# ASSIGNMENT
Your copy should hold only the lines from the one with "Рядом с подобными" to the one with "Extravagantes 2-teiliges Set, bestehend", both included, each exactly as it stands below, with no pictures.
BEGIN GIVEN DATA
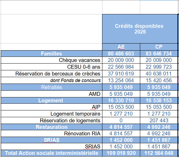 Après avoir traversé une nouvelle période de services votés, la loi de finances initiale pour 2026 a été adoptée. Il apparaît clairement que l’action sociale interministérielle est une fois encore fortement impactée par des mesures budgétaires restrictives. Après une diminution historique de 27 millions d’euros en 2025, une nouvelle réduction de 19,5 millions d’euros est désormais exigée. Cette baisse, significative, pèse lourdement sur les prestations existantes.
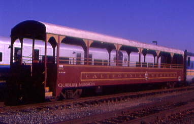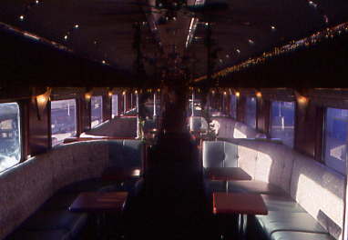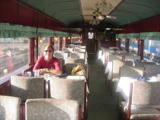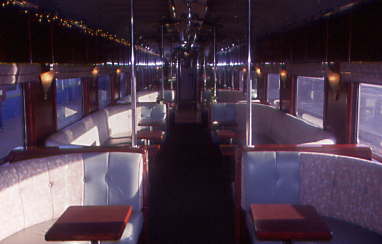 The train side view of the new boarding area. The Golden Sunset Dinner train consisted of Sierra Railroad GP20 50, power car, SERA 7005 El Capitan, SERA lounge car 7007, table car "Yosemite Falls", SERA 7000 "Yosemite Valley" and California Western open car 692 "Quiburi Mission". We were seated in the Yosemite Valley, the home-built table car from a former Long Island commuter car. Only the circular window in the doors give away this beautiful wooden interior car's origins. It used to carry hundreds of commuter to and from work and now only happy dinner train passengers.
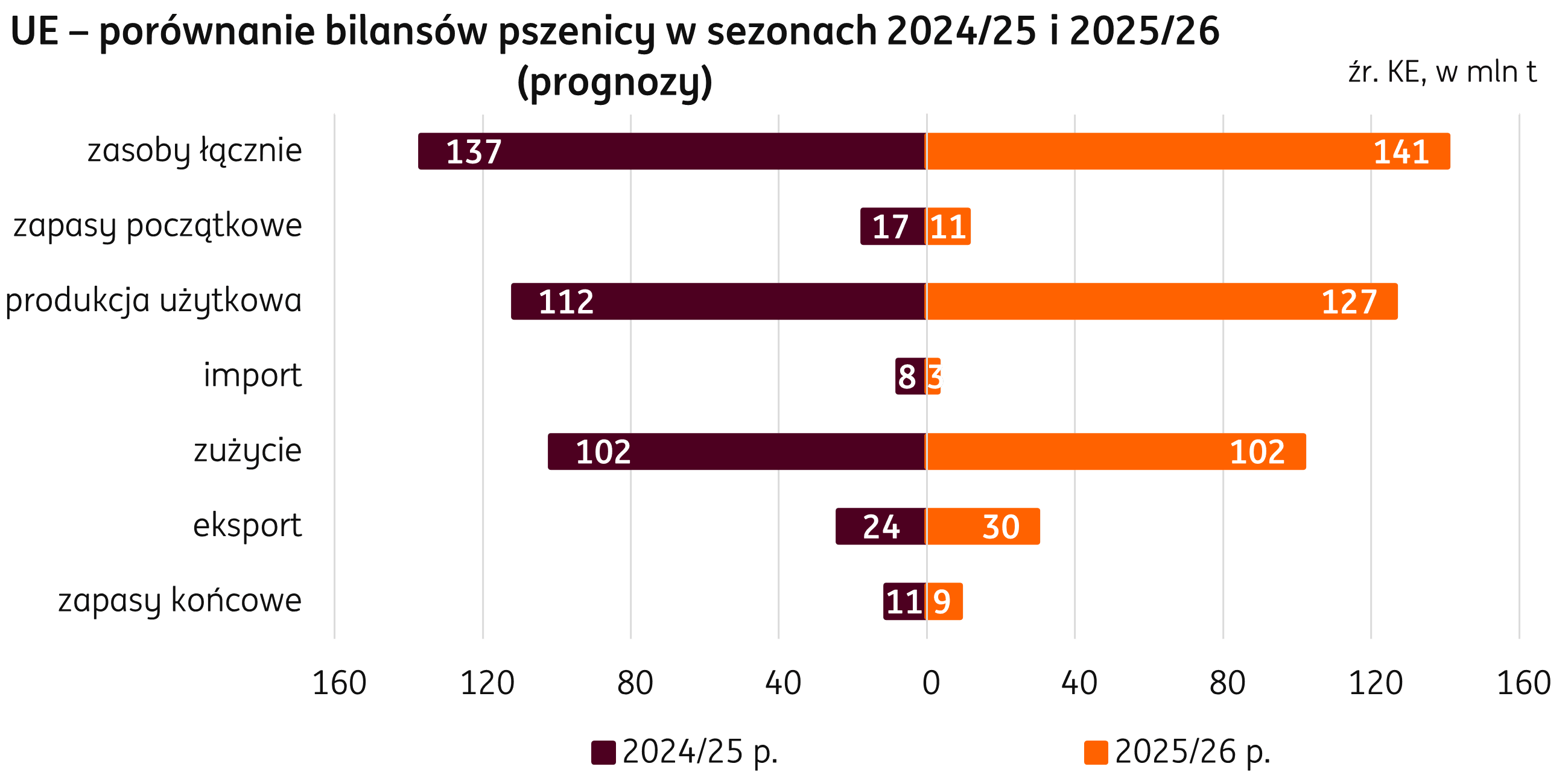 Pierwsze globalne prognozy pszenicy USDA w sezonie 2025/26 zakładają spory wzrost zbiorów w porównaniu do poprzedniego sezonu, głównie za sprawą odbudowy produkcji w krajach Unii Europejskiej. Warunki atmosferyczne w poprzednim sezonie były wyzwaniem nie tylko dla polskich rolników, ale również dla niemieckich, czy francuskich. Bieżący sezon agrotechniczny jest oceniany jako bardziej korzystny dla roślin, ale nie idealny, szczególnie pod względem deficytu opadów stwierdzanego w komunikatach Instytutu Uprawy Nawożenia i Gleboznawstwa (IUNG). To, w jakim stopniu prognozy zbiorów zostaną zrealizowane, zależy teraz przede wszystkim od warunków atmosferycznych w najbliższych tygodniach.
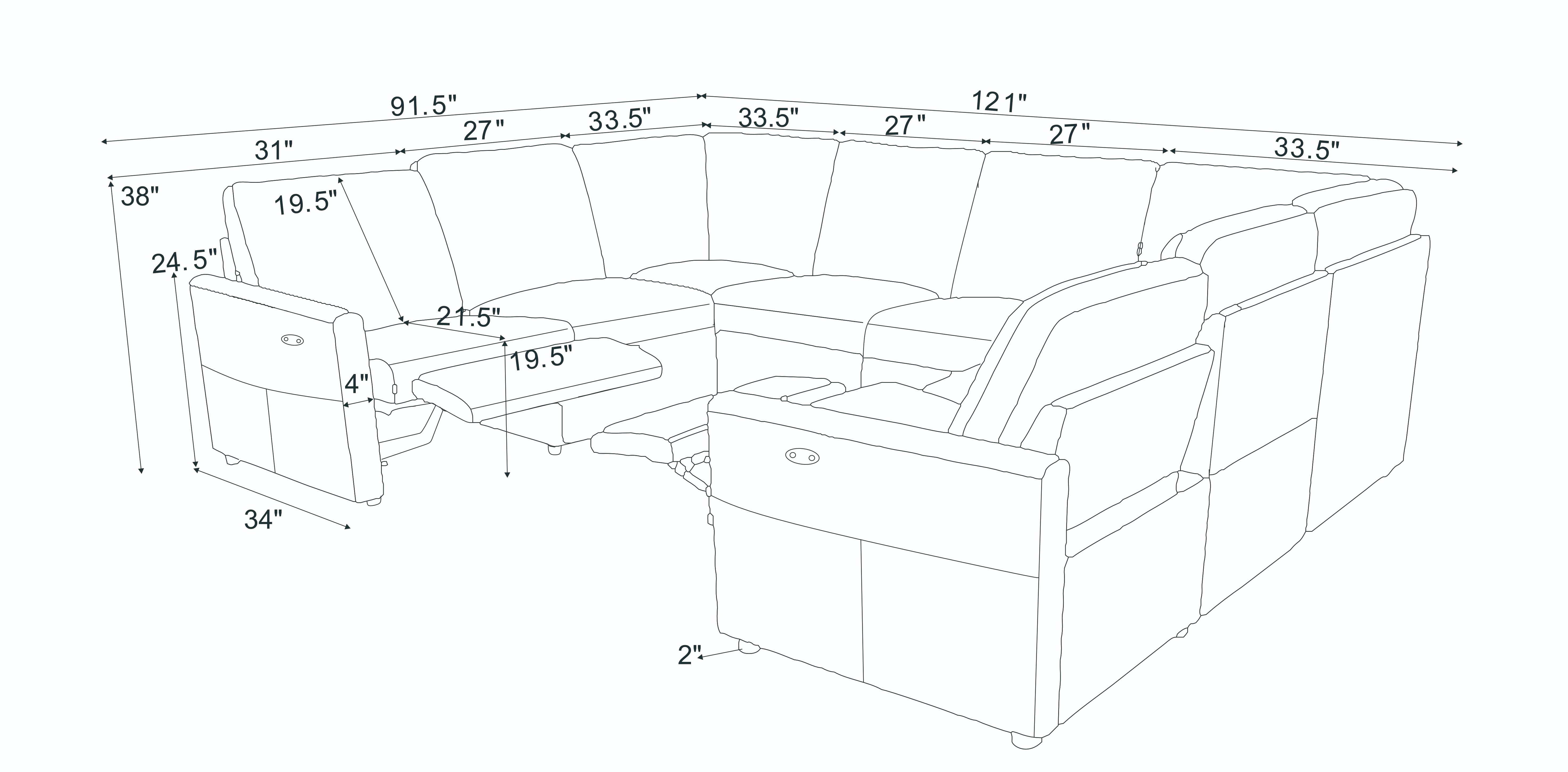 • 4, The dual power recliners integrated into the layout allow users to transition effortlessly to users' preferred lounging angle at the touch of a button.
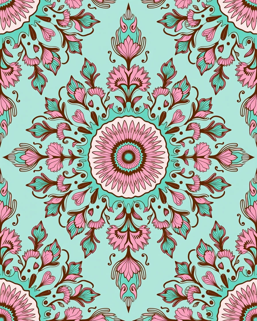 Enchanted Garden Floral Medallion Tapestry(Turquoise)
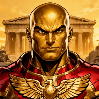 SuperheroesDynamic AI-generated monster superhero avatar with golden skin, intense gaze, red and gold eagle armor, featuring legendary comic book style heroic portrait.
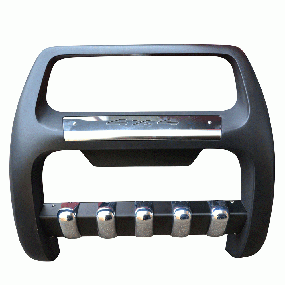 Εμπρόσθιος προφυλακτήρας (BULL-BAR) νέας γενιάς πολυουρεθάνης, ψηλού προφίλ όπου απορροφά μέρος της δύναμης σε περίπτωση σύγκρουσης, έχει ανοξείδωτο ταμπελάκι όπου αναγράφεται η μάρκα του αυτοκινήτου καθώς και αλουμινένια ποδια με νίκελ δοντάκια για την μέγιστη προστασία του κάτω μέρους του αυτοκινήτου .
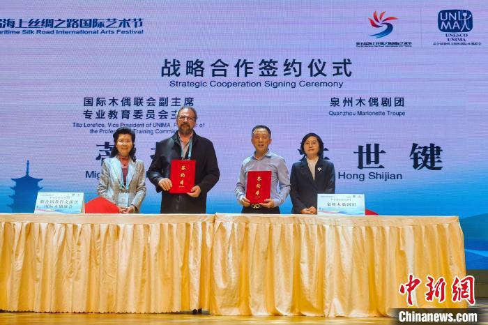 12月12日,聯(lián)合國教科文組織國際木偶聯(lián)會與泉州市木偶劇團簽訂合作協(xié)議。中新網(wǎng)記者 孫虹 攝
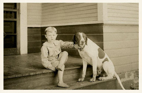 PZ-04 Boy on Porch with Dog - Vintage Image
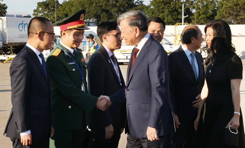 | Các đại biểu đón Tổng Bí thư, Chủ tịch nước Tô Lâm và Phu nhân cùng đoàn đại biểu cấp cao Việt Nam tại Sân bay quốc tế J.F Kennedy. (Ảnh: Lâm Khánh/TTXVN) |
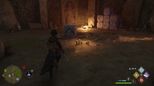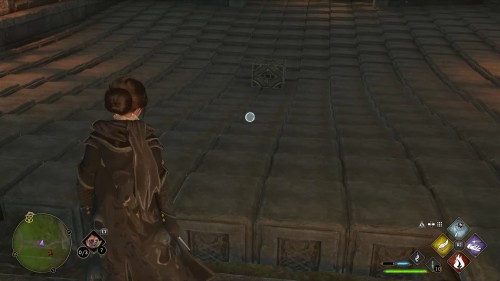 Рядом с подобными колоннами лежит куб с начертанным на нем символом. Требуется положить его на платформу позади столбов с помощью «Левиосо» и воздействовать на куб целевой стихийной магией (это можно сделать как до установки на плиту, так и после).
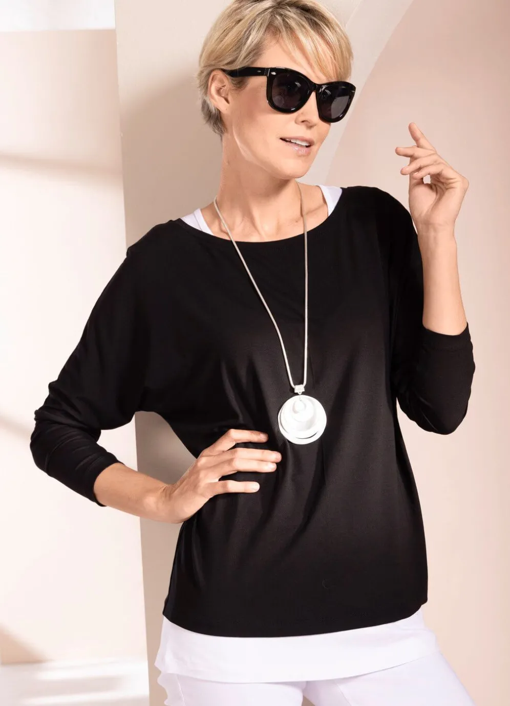 Extravagantes 2-teiliges Set, bestehend aus einem schwarzen Shirt mit langen Fledermausärmeln und Teilungsnaht im Rückteil.
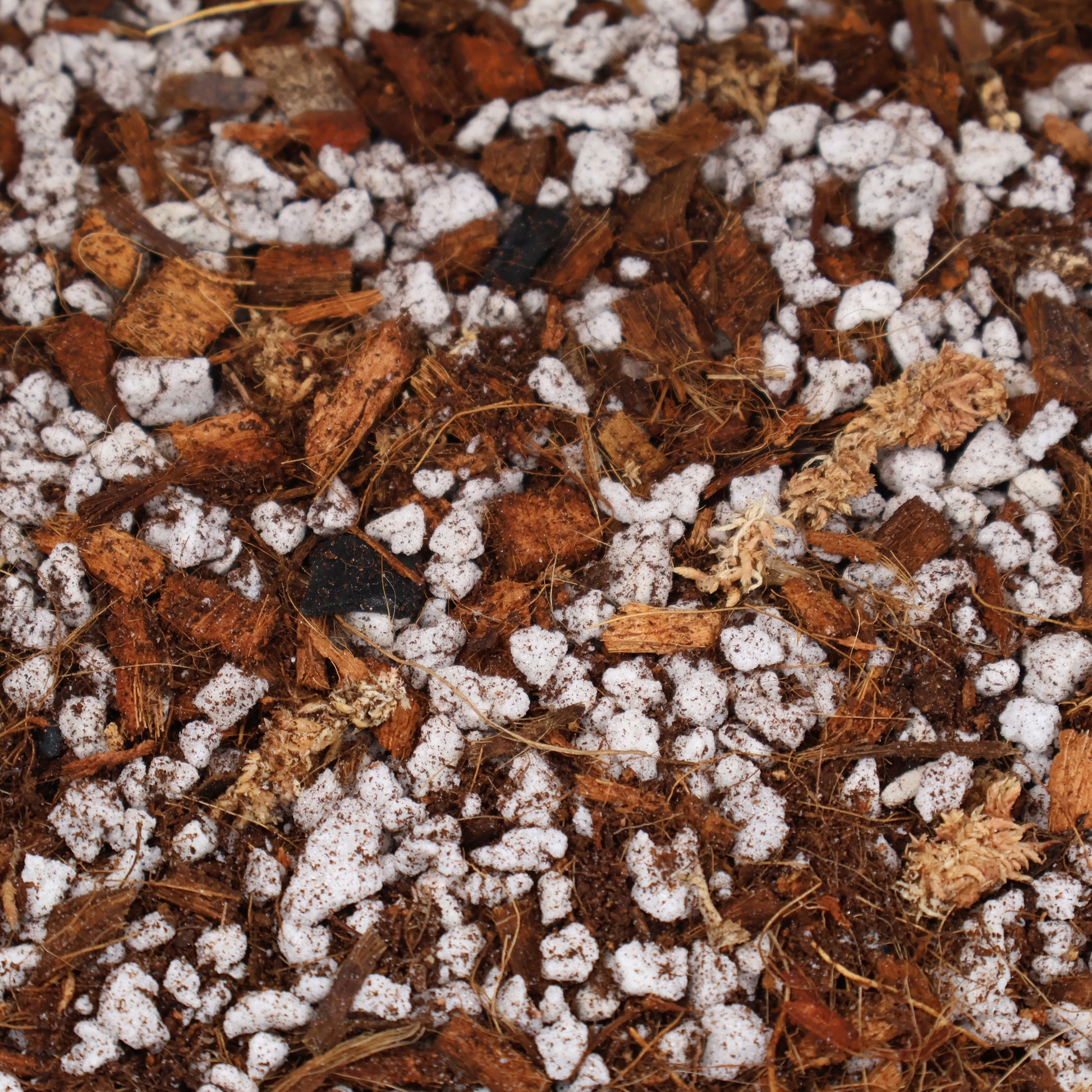 Activated charcoal, coco coir, coco husk, perlite, New Zealand sphagnum moss and worm castings.
END GIVEN DATA
# PROBLEM SOLUTION
 Рядом с подобными колоннами лежит куб с начертанным на нем символом. Требуется положить его на платформу позади столбов с помощью «Левиосо» и воздействовать на куб целевой стихийной магией (это можно сделать как до установки на плиту, так и после).
 Extravagantes 2-teiliges Set, bestehend aus einem schwarzen Shirt mit langen Fledermausärmeln und Teilungsnaht im Rückteil.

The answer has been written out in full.